4. Array of "Mixed" Objects

This is a subtle one. If you have an array where the objects have slightly different shapes, iterating over that array and passing each element to a function will turn that function polymorphic or megamorphic.

const items = [
  { id: 1, type: 'a' },
  { type: 'b', id: 2 }, // Different shape!
  { id: 3, type: 'c', extra: true } // Different shape!
];

items.forEach(item => processItem(item)); // processItem becomes polymorphic

How to Profile This

You might be wondering: "How do I know if my code is megamorphic?"

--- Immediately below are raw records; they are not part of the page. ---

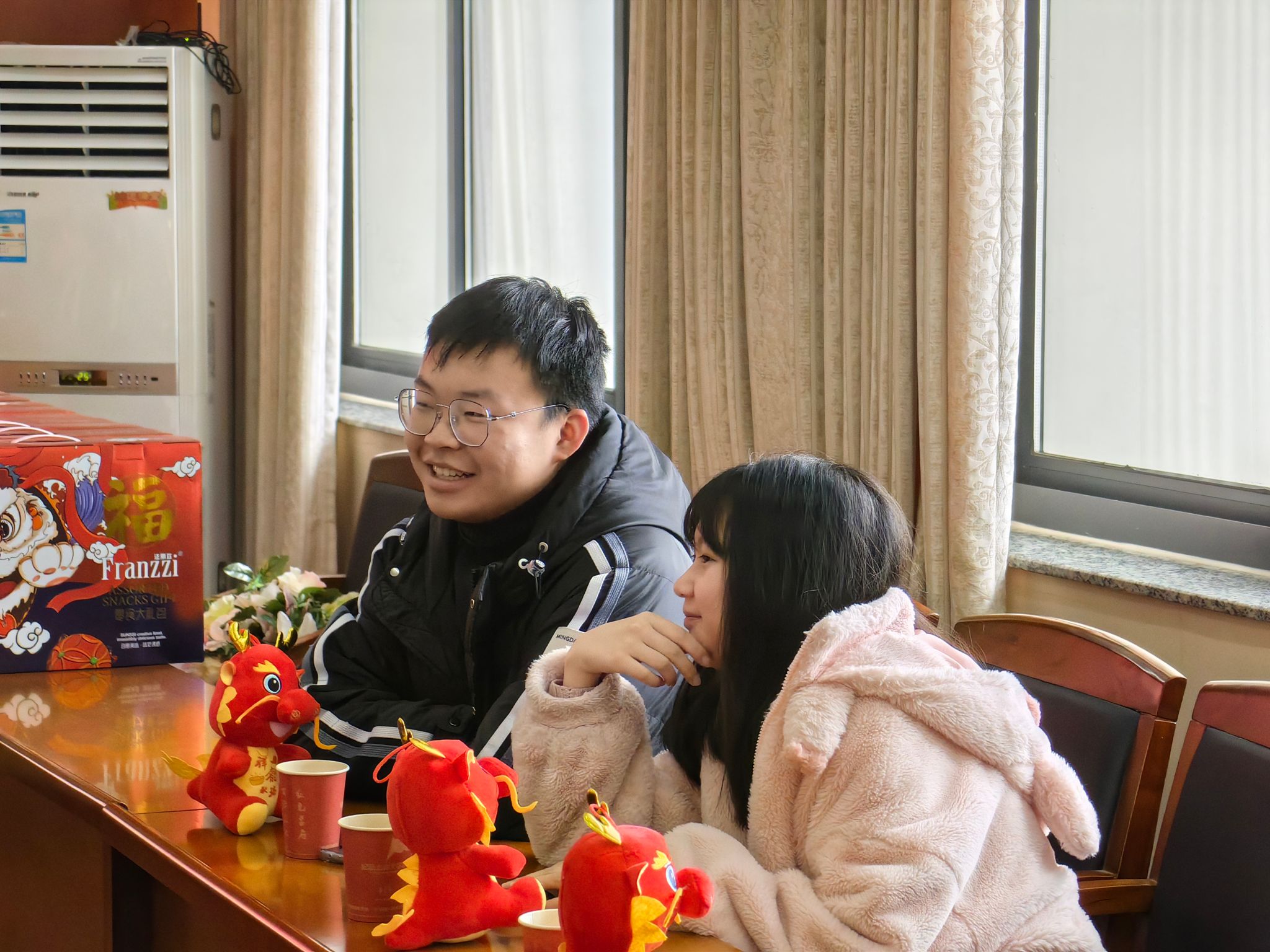 座谈会上,老师们向留校学生致以亲切的新春问候和祝福,并详细询问了他们留校的原因和需求。座谈会气氛热烈,与会学生畅所欲言。在了解到学生们在科研项目、学科竞赛、个人发展规划等方面的问题后,老师们给予关心和指导,鼓励学生们积极参与科研实践、提升学术水平,为未来的发展打下坚实的基础,同时叮嘱学生们在假期期间要注意安全问题,遵守管理规定,关注身体健康,提高自我保护意识,确保度过一个愉快、安全的假期。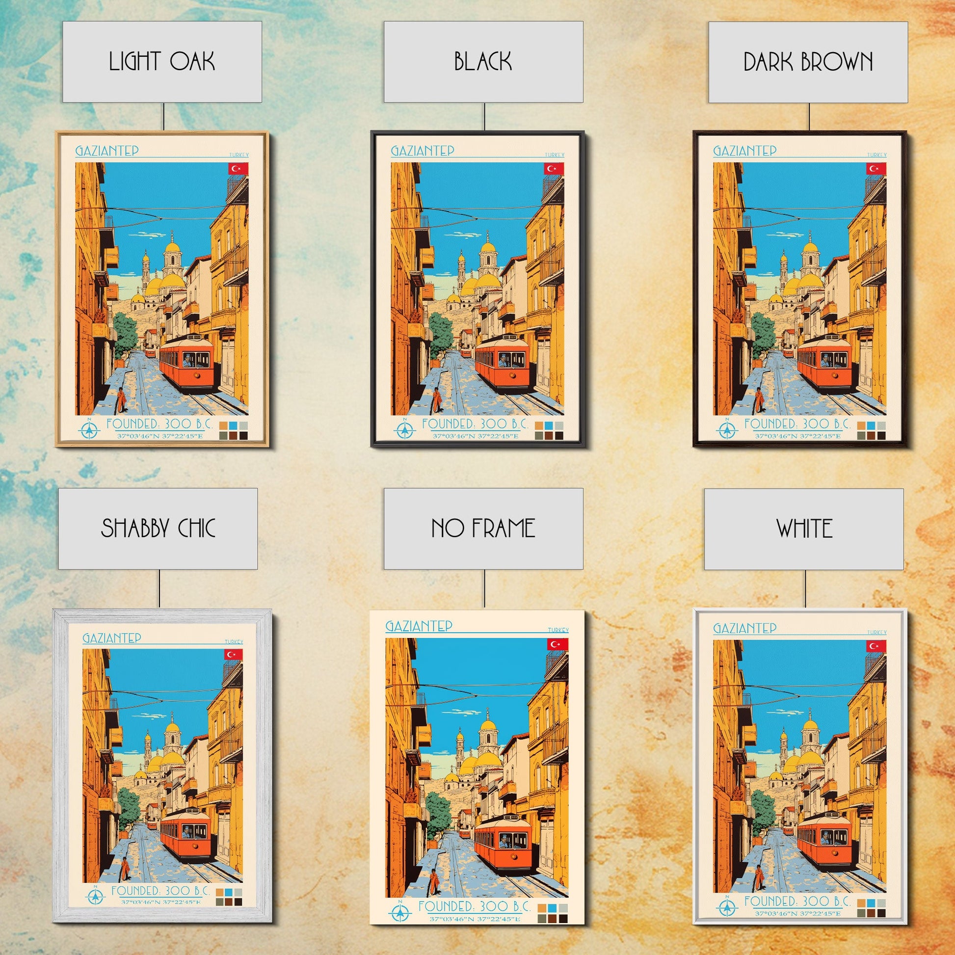 Gaziantep Turkey Travel Poster Framed Canvas Print, Midcentury Modern Art, Pop Art Wall Decor, Scenic Living Room Art, Bedroom Decor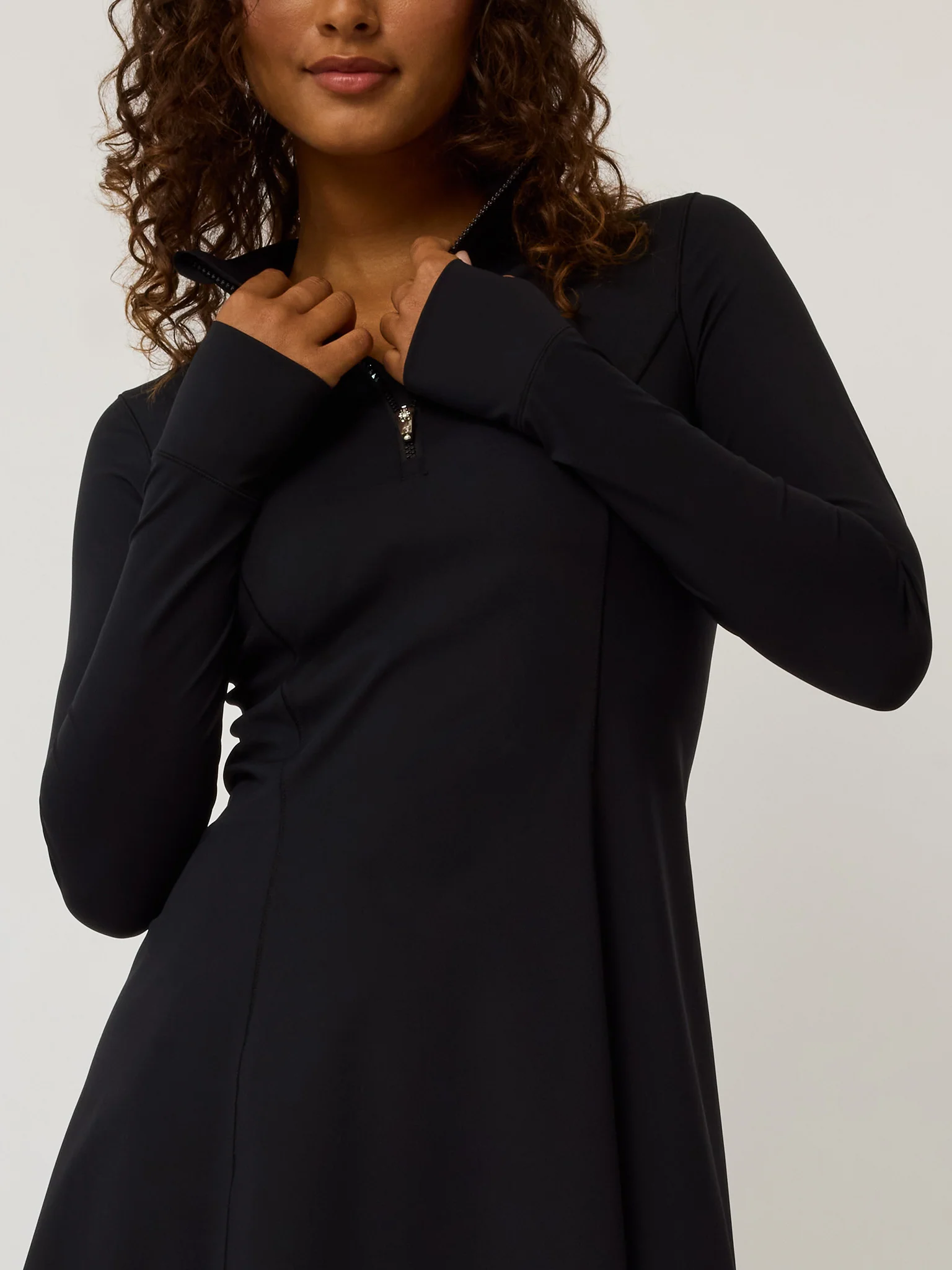 Designed for every aspect of your lifestyle, the Hera Long Sleeve Dress is made with luxurious Italian fabric that performs when you need it most. It is constructed with an athletic, slim fit, featuring a compression shortie that provides plenty of stretch and breathability throughout the day. Finished with a zippered closure on the front.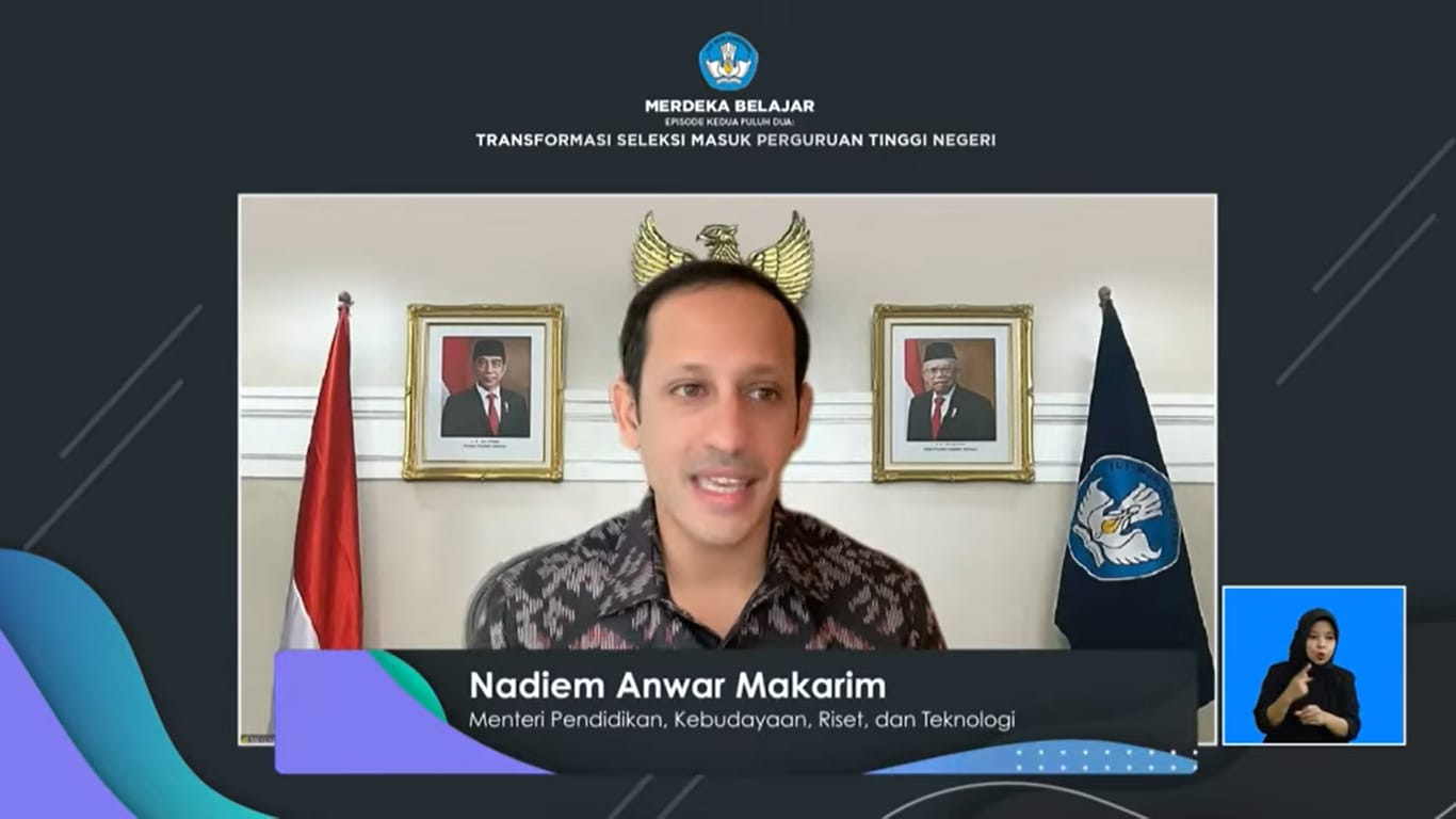 Suara USU. MEDAN. Kementerian Pendidikan, Kebudayaan, Riset, dan Teknologi (Kemendikbud Ristek), Nadiem Makarim mengumumkan kriteria baru Seleksi Nasional Masuk Perguruan Tinggi Negri (SNMPTN), Seleksi Bersama Masuk Perguruan Tinggi Negri (SBMPTN), dan Seleksi Mandiri. Ketiga seleksi tersebut, akan dilaksanakan dengan skema dan aturan yang berbeda dari tahun-tahun yang sebelumnya. Perubahan tersebut diumumkan Nadiem dalam channel Youtube Kemendikbud RI dalam peluncuran Merdeka Belajar Episode 22: Transformasi Seleksi Masuk PTN.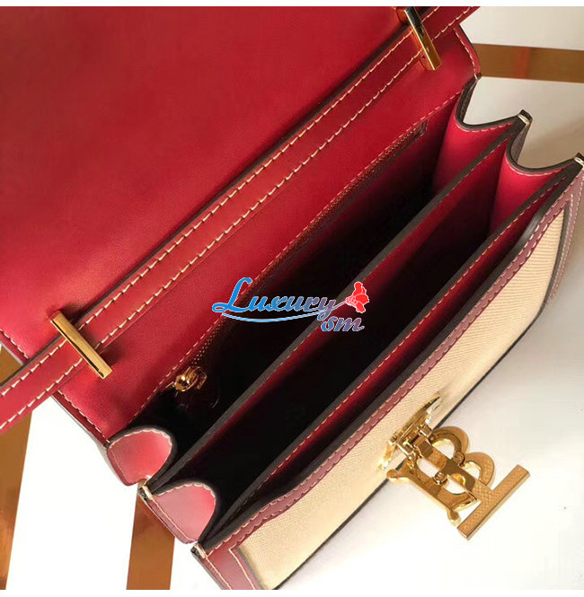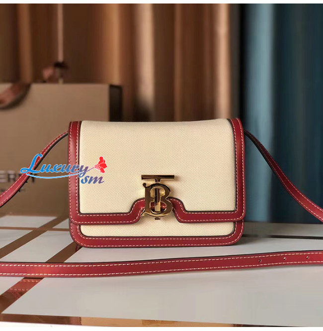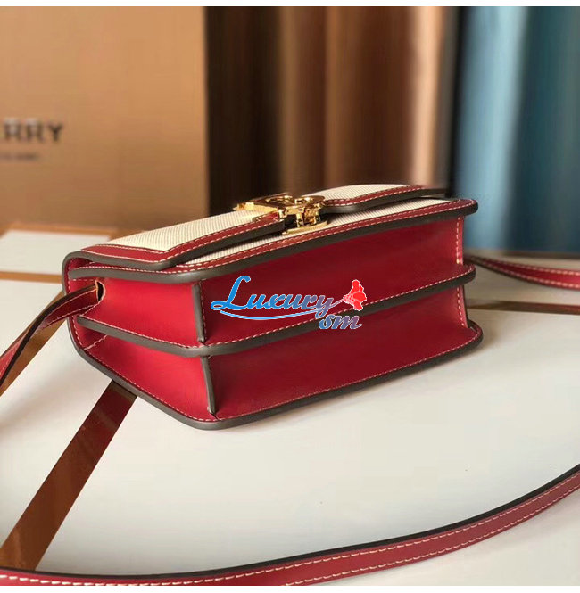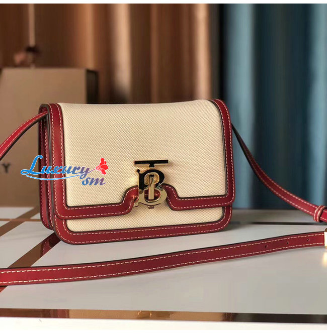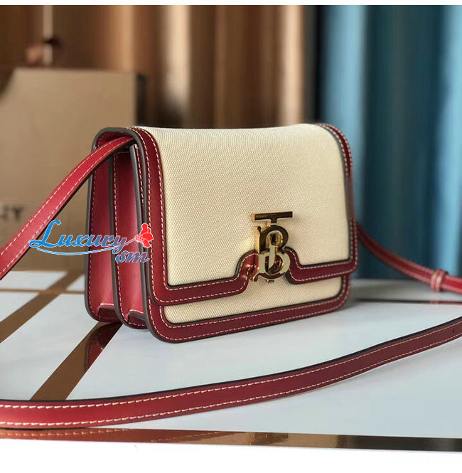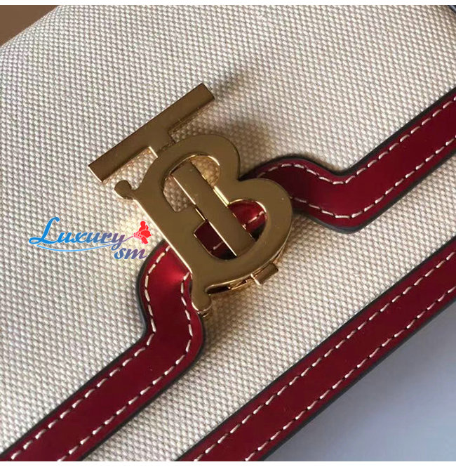 [스페셜오더]BURBERRY-80271781 버버리 내추럴/다크 카민 투톤 캔버스 레더 스몰 TB 백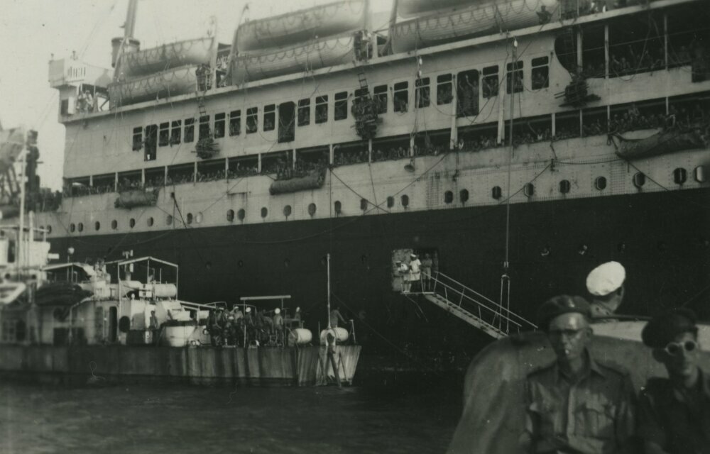 Reis van het 8e (4e) Bataljon Regiment Stoottroepen met het troepenschip 'Alcantara' naar Nederlands-Indië.

If you're using Node.js, you can use the --trace-ic flag to see what’s happening under the hood. It produces a log file that can be analyzed with tools like IC Explorer.

Alternatively, you can use the v8-natives package in a development environment to check the status of a function:

// This only works if you run Node with --allow-natives-syntax
const status = %GetOptimizationStatus(myFunction);
// There are specific bitmasks to check for monomorphic vs polymorphic

But usually, you don't need to go that deep. If you follow the "always use the same shape" rule, you'll be ahead of 99% of JavaScript developers.

The "Classes" vs "Object Literals" Debate

There is a common misconception that using the class keyword automatically makes your code faster. It's not the class keyword itself that's magical; it's the fact that classes encourage a fixed shape.

When you use a constructor, you typically assign all properties in the same order every time.

class Player {
  constructor(name, score) {
    this.name = name;
    this.score = score;
  }
}

const p1 = new Player("A", 10);
const p2 = new Player("B", 20);

V8 sees p1 and p2 and knows with 100% certainty they share the same hidden class. Object literals {} are just as fast *if* you are disciplined about the key order and presence. Classes just make that discipline the default.

Is This Premature Optimization?

I can hear the "clean code" advocates already: "Isn't this worrying about internals that don't matter?"

In many cases, yes. If you’re writing a React component that renders once every few seconds, you don't need to worry about monomorphism. But if you are writing:
- A data processing library
- A physics engine
- A custom state management system
- A high-frequency event handler
- A library used by thousands of other developers

...then this is the difference between your code feeling "snappy" and your code feeling "bloated."

The overhead of a megamorphic call isn't just the hash lookup; it's the fact that the engine cannot inline the function. Inlining is the holy grail of compiler optimization. If the engine knows exactly what a function does, it can pull that logic directly into the loop, eliminating the overhead of the function call entirely. Megamorphism creates a "wall" that the optimizer cannot see through.

The Practical Takeaway

Writing high-performance JavaScript isn't about using complex algorithms; it's about making your code predictable for the engine.

1. Initialize all properties in your constructors. Don't wait until later.
2. Never change the order of properties.
3. Avoid `delete`.
4. Keep your "hot" functions monomorphic. If a function is called millions of times, ensure the objects passed to it always have the same hidden class.

The JavaScript engine is a incredibly sophisticated piece of engineering designed to turn your messy, dynamic code into lean machine instructions. When you write monomorphic code, you're not just "writing fast code"—you're finally letting the engine do the job it was built to do.

Next time you see a function that should be fast but isn't, stop looking at the logic. Look at the shapes of the data you're feeding it. The secret to speed is often hiding in plain sight, right in the structure of your objects.